Stored entries
···

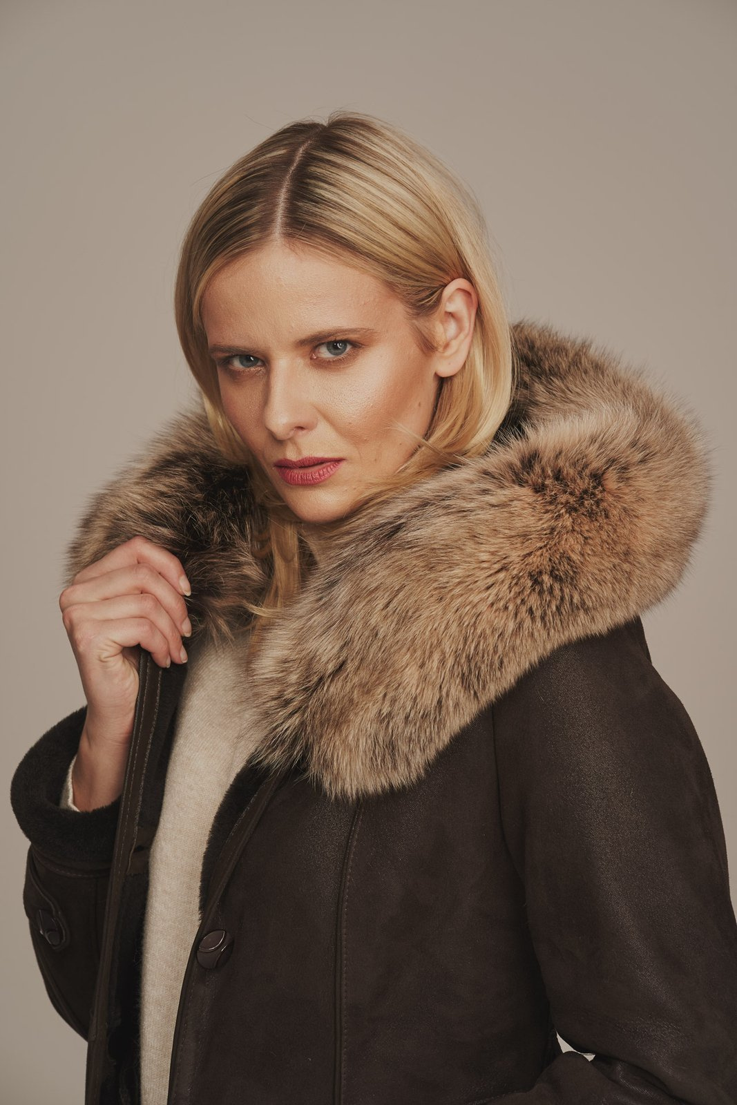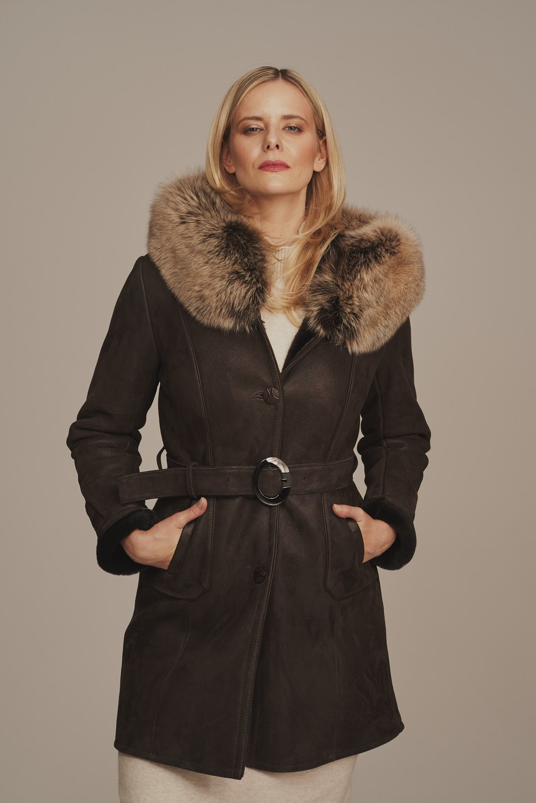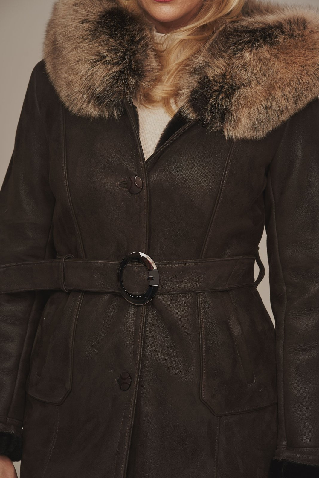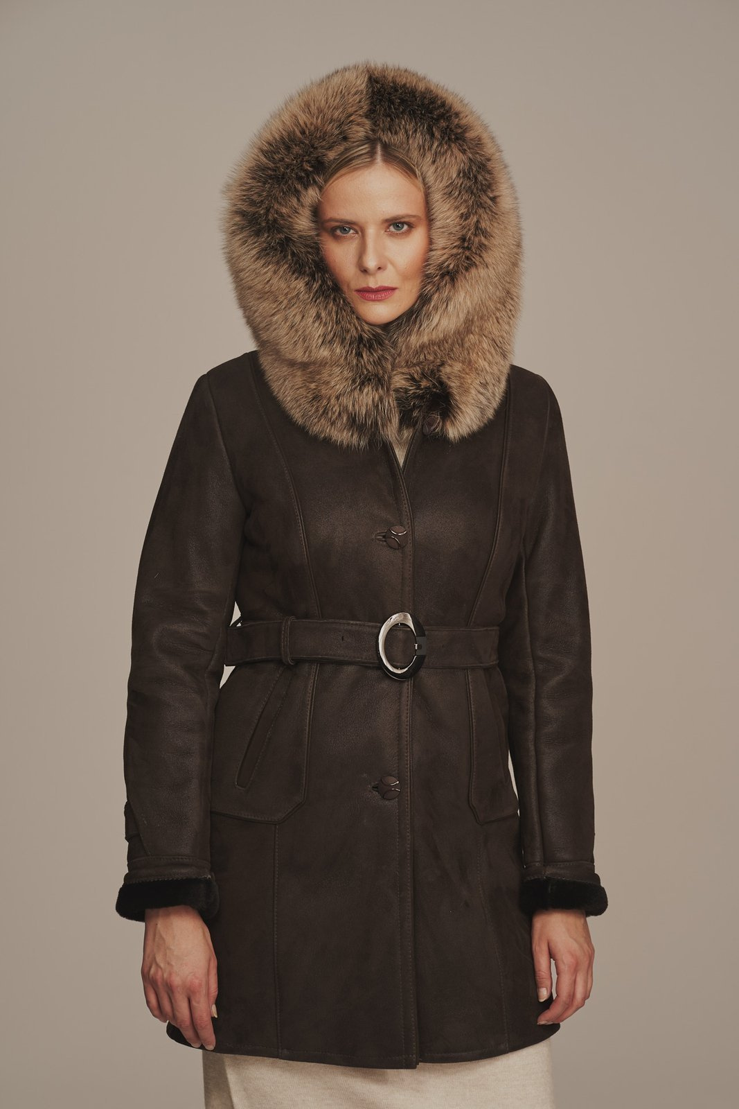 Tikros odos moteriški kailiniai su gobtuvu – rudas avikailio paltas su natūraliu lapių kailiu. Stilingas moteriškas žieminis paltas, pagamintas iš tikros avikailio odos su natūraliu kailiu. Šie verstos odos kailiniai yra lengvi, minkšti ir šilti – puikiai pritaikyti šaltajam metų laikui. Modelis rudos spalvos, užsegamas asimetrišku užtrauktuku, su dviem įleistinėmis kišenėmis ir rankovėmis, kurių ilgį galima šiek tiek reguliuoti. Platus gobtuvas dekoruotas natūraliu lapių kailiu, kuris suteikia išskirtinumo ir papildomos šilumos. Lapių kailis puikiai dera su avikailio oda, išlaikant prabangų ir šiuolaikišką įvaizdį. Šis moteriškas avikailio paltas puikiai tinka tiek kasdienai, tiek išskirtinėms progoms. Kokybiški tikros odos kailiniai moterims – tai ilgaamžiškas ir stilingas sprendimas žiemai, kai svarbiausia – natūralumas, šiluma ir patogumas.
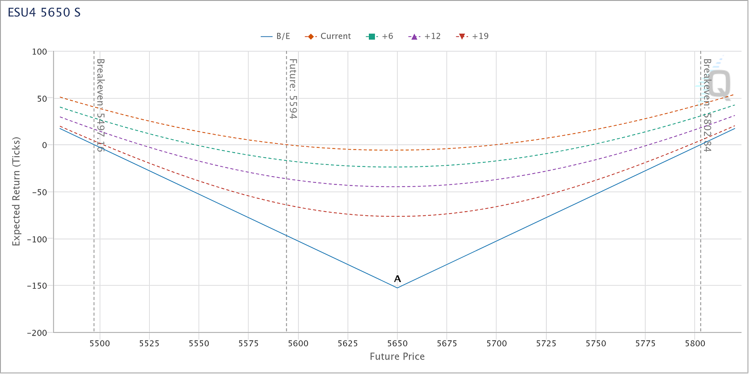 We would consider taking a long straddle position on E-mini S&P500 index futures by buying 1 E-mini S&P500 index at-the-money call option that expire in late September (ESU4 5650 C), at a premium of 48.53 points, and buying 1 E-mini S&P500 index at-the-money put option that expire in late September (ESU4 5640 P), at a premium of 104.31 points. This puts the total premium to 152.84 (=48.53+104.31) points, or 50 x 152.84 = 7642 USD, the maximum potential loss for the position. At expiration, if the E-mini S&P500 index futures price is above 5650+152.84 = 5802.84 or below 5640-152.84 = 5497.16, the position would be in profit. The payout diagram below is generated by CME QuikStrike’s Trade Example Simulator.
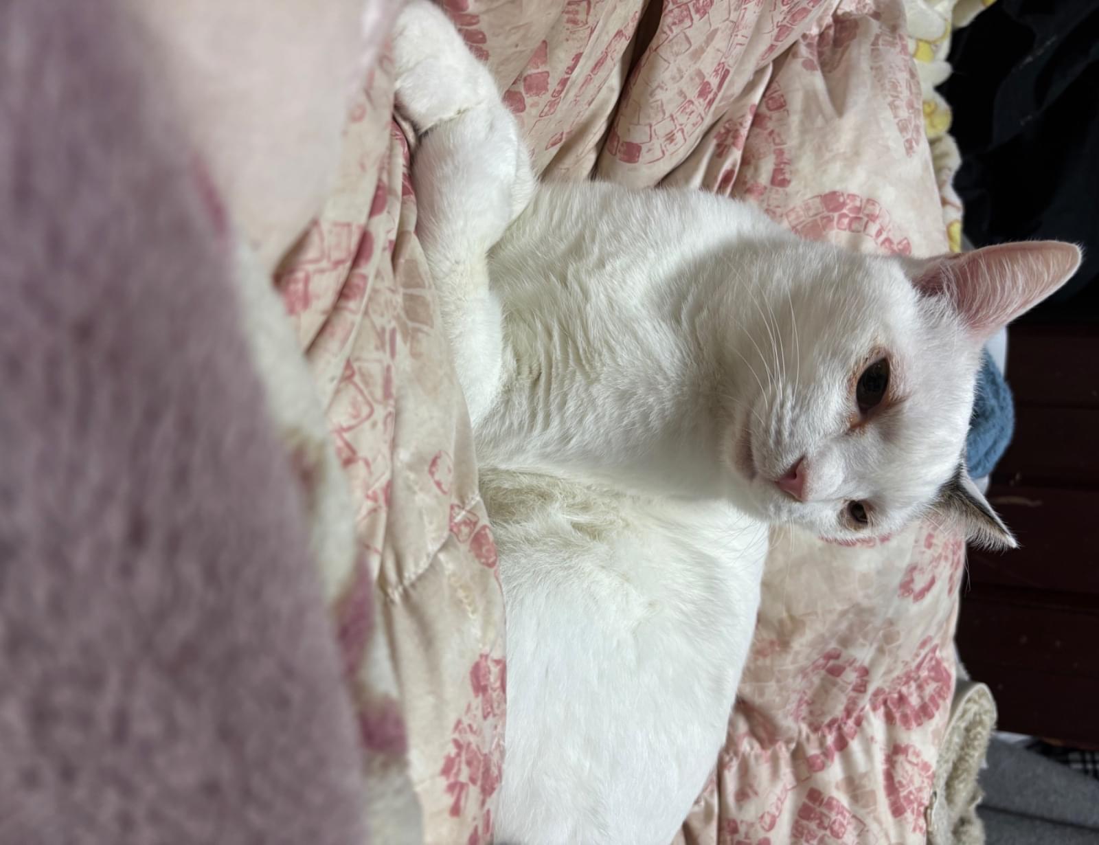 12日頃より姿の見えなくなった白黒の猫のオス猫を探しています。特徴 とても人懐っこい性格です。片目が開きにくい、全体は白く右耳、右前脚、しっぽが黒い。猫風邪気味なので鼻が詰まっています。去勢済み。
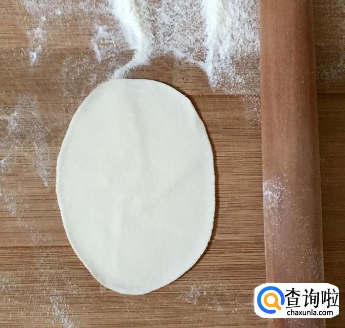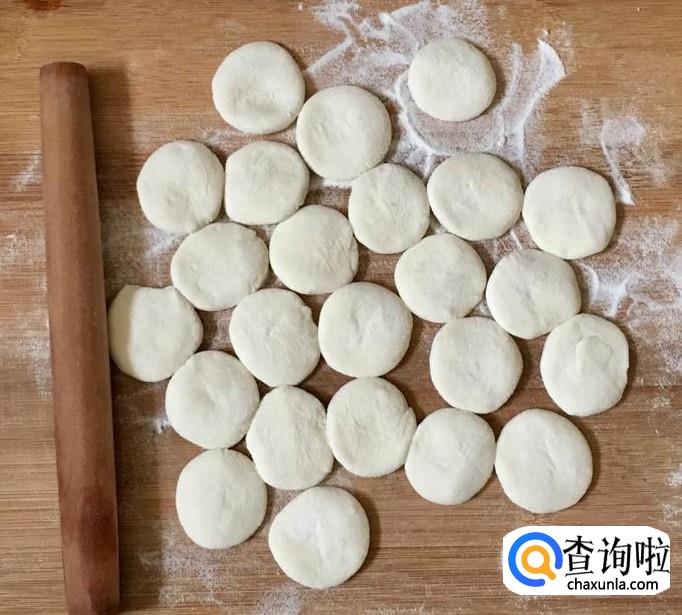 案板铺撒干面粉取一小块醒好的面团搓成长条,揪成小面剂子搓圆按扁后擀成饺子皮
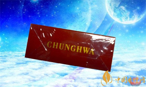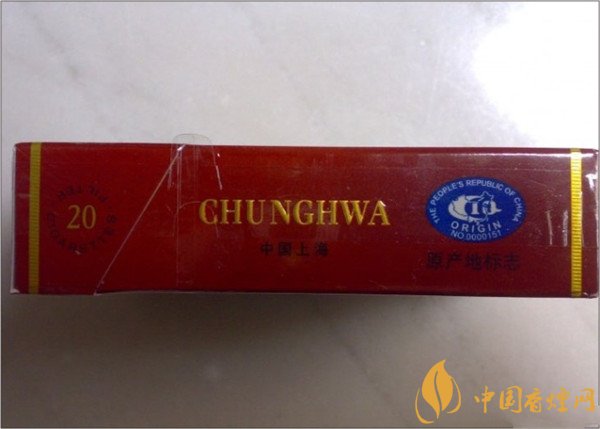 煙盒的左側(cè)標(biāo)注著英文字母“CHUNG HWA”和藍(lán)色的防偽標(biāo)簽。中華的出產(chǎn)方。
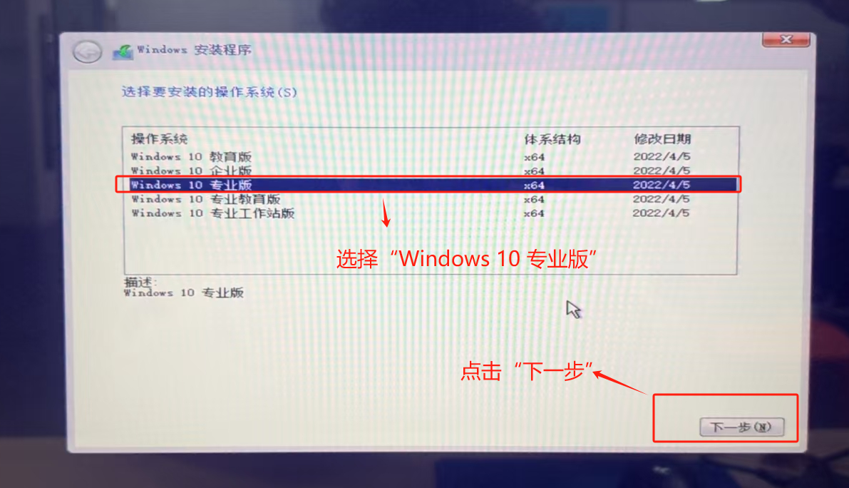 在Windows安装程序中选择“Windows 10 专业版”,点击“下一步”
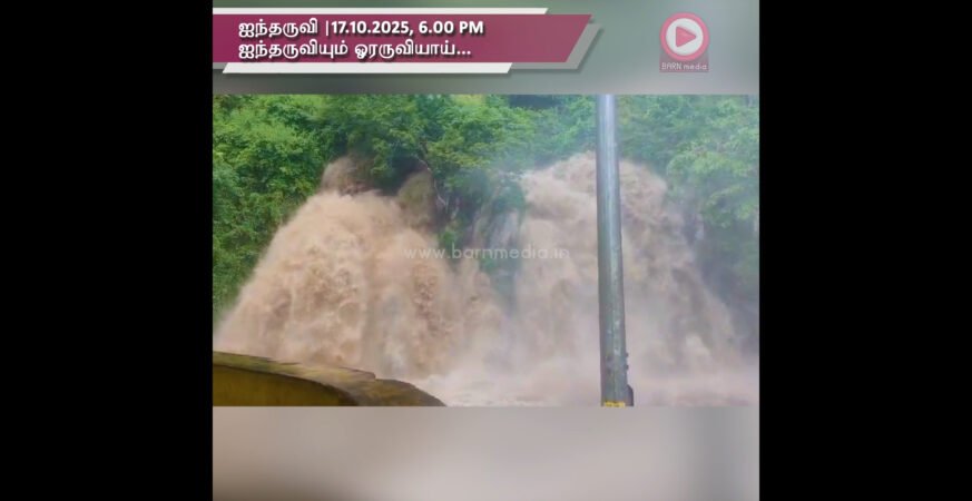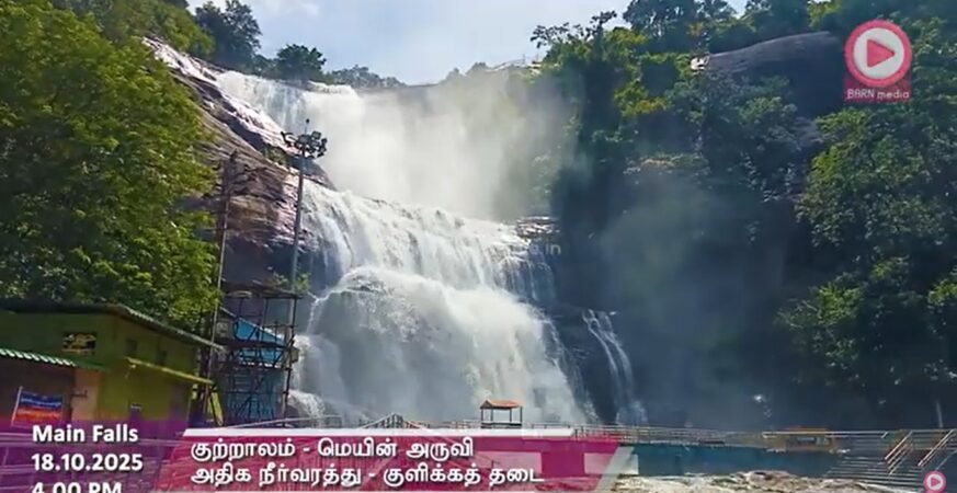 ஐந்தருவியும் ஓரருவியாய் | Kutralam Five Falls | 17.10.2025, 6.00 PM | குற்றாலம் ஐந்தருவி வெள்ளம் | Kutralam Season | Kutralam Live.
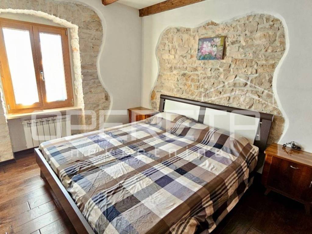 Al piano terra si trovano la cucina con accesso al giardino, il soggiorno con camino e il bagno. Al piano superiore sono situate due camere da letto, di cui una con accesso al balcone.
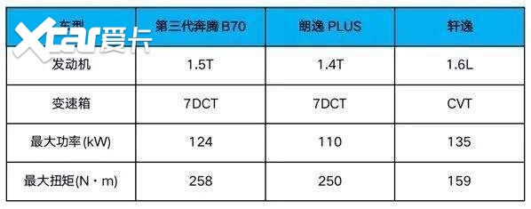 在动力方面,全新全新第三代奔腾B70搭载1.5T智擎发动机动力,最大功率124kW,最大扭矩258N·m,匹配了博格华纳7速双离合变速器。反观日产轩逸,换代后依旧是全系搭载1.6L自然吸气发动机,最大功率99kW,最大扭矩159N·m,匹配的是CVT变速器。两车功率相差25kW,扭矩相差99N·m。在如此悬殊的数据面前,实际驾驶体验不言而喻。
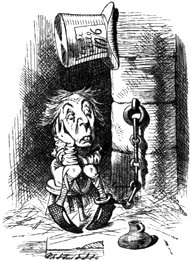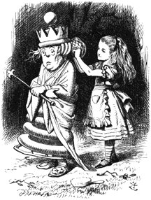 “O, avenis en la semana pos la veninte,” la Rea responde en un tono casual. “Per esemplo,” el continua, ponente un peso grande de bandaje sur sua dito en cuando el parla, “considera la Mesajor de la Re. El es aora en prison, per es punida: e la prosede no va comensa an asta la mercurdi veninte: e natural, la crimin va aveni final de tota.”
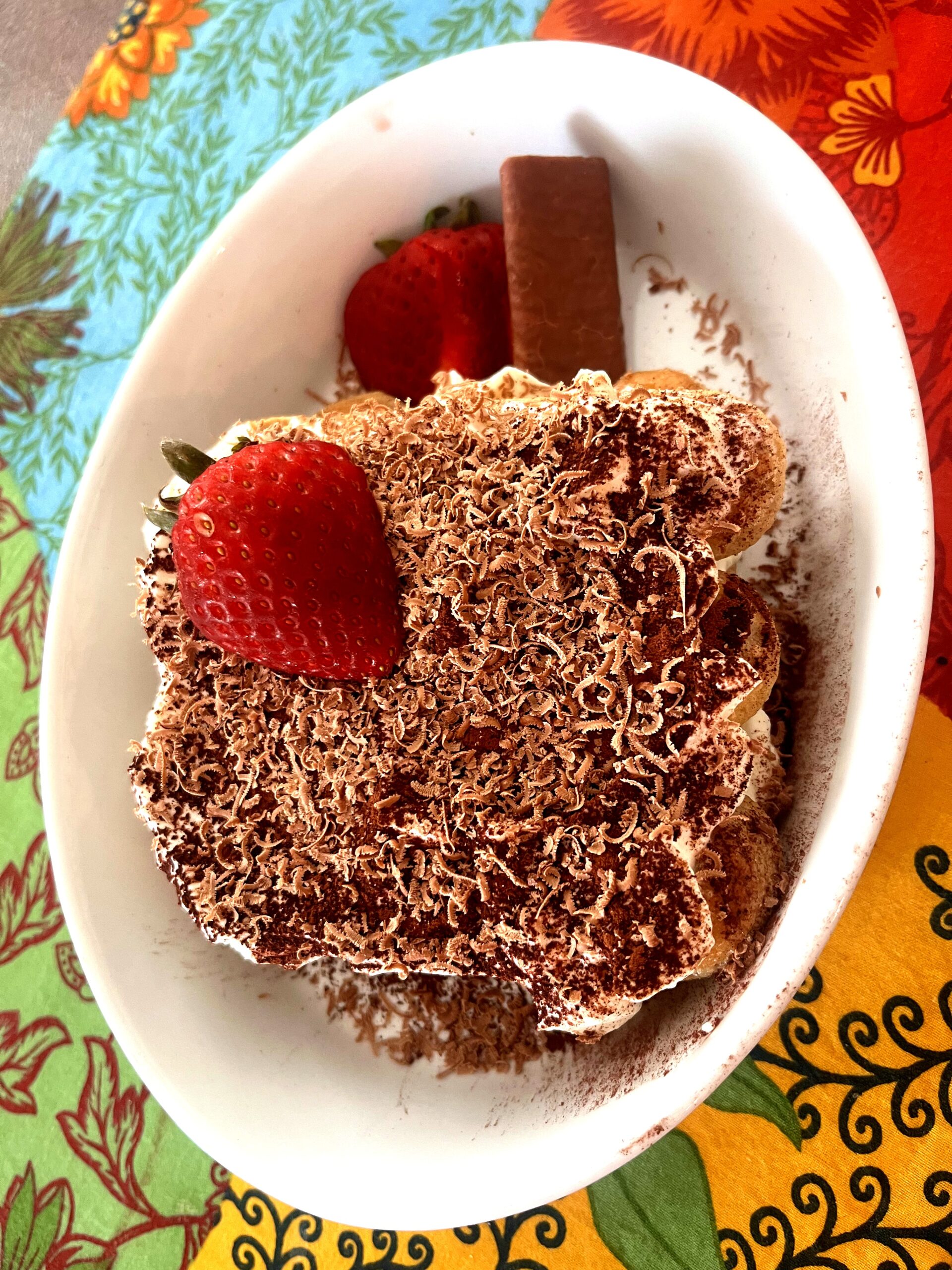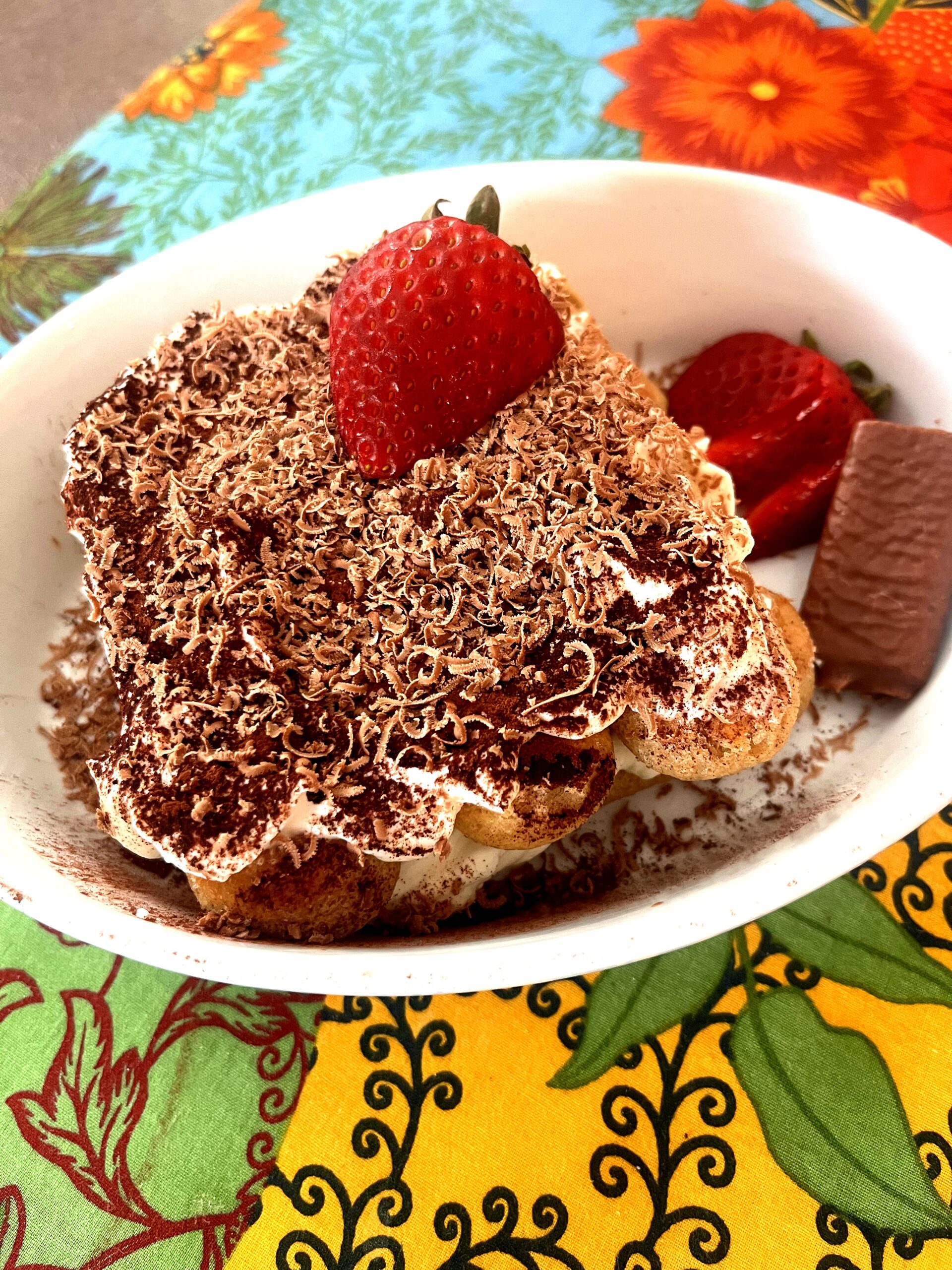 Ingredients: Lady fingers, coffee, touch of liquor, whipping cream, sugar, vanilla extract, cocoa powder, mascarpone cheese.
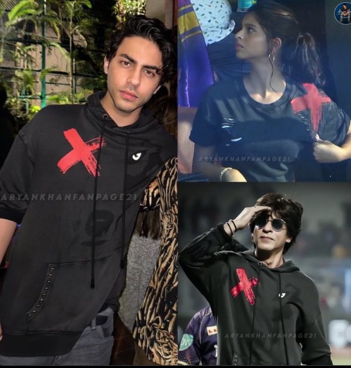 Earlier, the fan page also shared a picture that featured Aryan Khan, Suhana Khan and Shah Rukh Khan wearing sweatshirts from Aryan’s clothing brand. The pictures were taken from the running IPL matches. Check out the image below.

···

• **Exercise goal**:
Give back exactly the lines from the line with "Ingredients: Lady fingers, coffee, touch" through the final line of the entries above, and keep pictures out of the copy.

• **Response area**:
 Ingredients: Lady fingers, coffee, touch of liquor, whipping cream, sugar, vanilla extract, cocoa powder, mascarpone cheese.
 Earlier, the fan page also shared a picture that featured Aryan Khan, Suhana Khan and Shah Rukh Khan wearing sweatshirts from Aryan’s clothing brand. The pictures were taken from the running IPL matches. Check out the image below.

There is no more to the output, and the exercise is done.